Neil Sedaka chronology
| Laughter in the Rain (1974) | Overnight Success (1975) | Steppin' Out (1976) |

= Overnight Success (Neil Sedaka album) =

Overnight Success is a 1975 studio album by Neil Sedaka. It was released in the UK and throughout Europe on the Polydor label, and Australia on the Rainbow label. Later that same year, in the US, most of this album was issued under the title The Hungry Years, with two songs from the British album replaced on the American album.

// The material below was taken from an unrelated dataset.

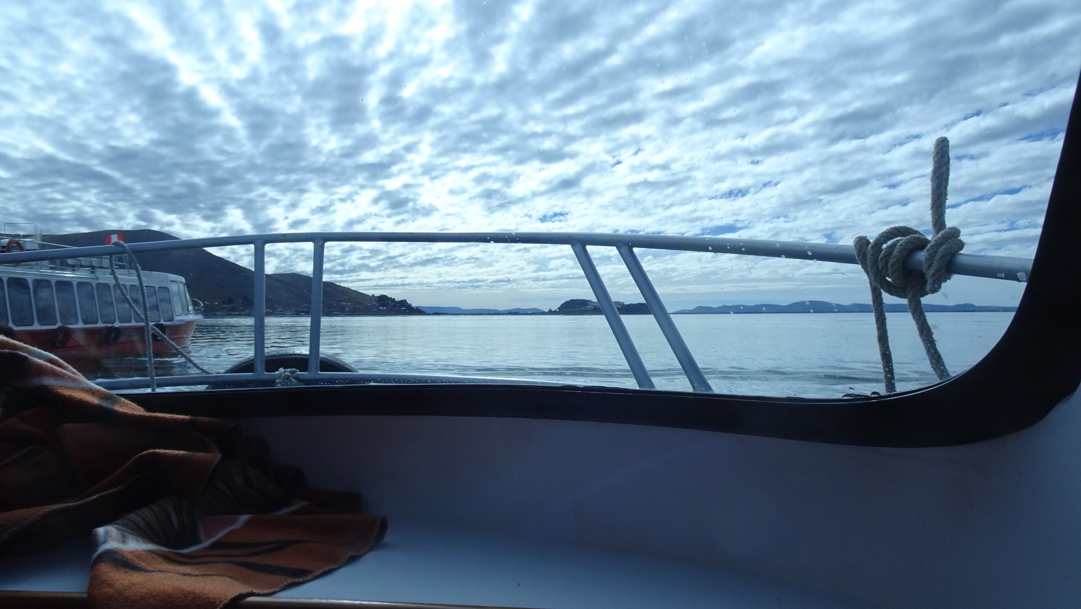 Tar mig tid att skriva lite mitt på dagen. Kortet är taget framme i fören på den båt som i sakta mak tar oss mot ön Amantani, i Titikaka- sjön.

“The Hungry Years”, one of Sedaka's most frequently requested non-single tracks, marked Sedaka's reunion with his long-time collaborator Howard Greenfield after having broken off their partnership in 1973. Sedaka and Greenfield would again work together more regularly in the late 1970s.

==Reception==
“The Queen of 1964” reached #35 in the UK in March 1975. Captain & Tennille’s 1976 cover of “Lonely Night (Angel Face)” hit #3 on the Billboard Hot 100 and was certified gold. "Bad Blood", with uncredited backing vocals by Elton John, reached number one on the Billboard Hot 100 in 1975, and remained in that position for three weeks before being replaced by Elton John's single "Island Girl". It was the most successful individual commercial release in Sedaka's career.

==Personnel==
Piano: Neil Sedaka

Guitar: Steve Cropper, Dean Parks

Bass: Leland Sklar

Drums: Nigel Olsson

Percussion: Milt Holland

Keyboards: David Foster

Horns: Chuck Findley, Jim Horn, Dick Hyde, Jackie Kelso
Strings (arrangements): Artie Butler, Richard Carpenter

Backing Vocals: Donny Gerrard, Gail Haness, Ann Orson, Brian Russell, Brenda Russell

==Track listing==
===Side one===
1. "Crossroads" 3:28
2. "Lonely Night (Angel Face)" 3:19
3. "Stephen" 4:23
4. "Bad Blood" (Neil Sedaka, Phil Cody) 3:09
5. "Goodman Goodbye"* 3:55
6. "Baby Blue" 3:32

- (On the US album The Hungry Years, "Goodman Goodbye" is replaced with "Your Favorite Entertainer", which is 3:32 in length.)

===Side two===
1. "The Queen of 1964"* 3:57
2. "New York City Blues" 4:22
3. "When You Were Lovin' Me" 4:35
4. "The Hungry Years" 4:08
5. "Breaking Up Is Hard to Do" (Howard Greenfield, Neil Sedaka) (ballad version) 3:21

- (On the US album The Hungry Years, "The Queen of 1964" is replaced with "Tit for Tat")

==Re-release==
===1998===
All the tracks from the British album were included in the Varese Sarabande 1998 re-issue of the American album The Hungry Years; hence, although the re-issue contains the track listing of the American album, the British songs "Goodman Goodbye" and "The Queen Of 1964" were included as two of the four bonus tracks.

See also The Hungry Years

===2012===
In April 2012, the album Overnight Success was re-issued by BGO Records in combination with the album The Tra-La Days Are Over on CD.

==Charts==

===Monthly charts===

Monthly chart performance for Overnight Success
| Chart (1978) | Peak position |
|---|---|
| Soviet Albums (Moskovskij Komsomolets) | 4 |

==Certifications==

| Region | Certification | Certified units/sales |
| United Kingdom (BPI) | Silver | 60,000^{^} |
^{^} Shipments figures based on certification alone.